One of the conceits of the film which I personally loved, although it has been done in many a film, were the hallucinatory appearances of Thatcher's husband, Dennis, played with such a charm that eccentric and daffy as he is drawn, I would be pleased to call him husband. From the time he meets her as a young up and coming businessman, and accepting her honest warning that she will not be the typical housewife and will be involved in statecraft, he is her buffer, even when she is not aware of it, and most of all, when she is not appreciative of it.
She paid a price for her choices. She had a son, Mark, who, at least according to the movie wanted little to do with her in her late age, no doubt a response to her lack of availability to him in his developing years.

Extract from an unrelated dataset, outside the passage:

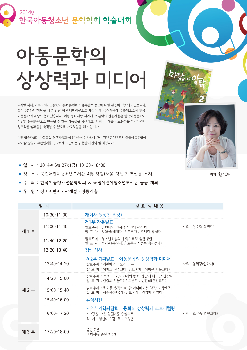 디지털 시대, 아동ㆍ청소년문학과 문화콘텐츠의 융복합적 접근에 대한 관심이 집중되고 있습니다. 특히 2011년 마당을 나온 암닭이 애니메이션으로 제작된 후 40여개국에 수출됨으로써 한국 아동문학의 위상도 높아졌습니다. 이런 중차대한 시기에 각 분야의 전문가들은 한국아동문학이 다양한 문화콘텐츠로 변용될 수 있는 가능성을 탐색하고, 사회적ㆍ예술적 효용성을 파악하면서 창조적인 성과물을 축적할 수 있도록 가교역할을 해야 합니다.

Her daughter is closer, but mother is, again according to the film, not hugely affectionate or grateful for that presence, since it is the absent boy she clearly prefers.
The moniker, "Iron Lady" was given to Thatcher by the Russians. Politically, philosophically, she was that indeed. But even the most astute, most forceful, most prominent individual fades into the past. But right now, she is brought, hat, purse, double string of pearls, and an unconvential mind and soul, back into our consciousness and the market place of ideas.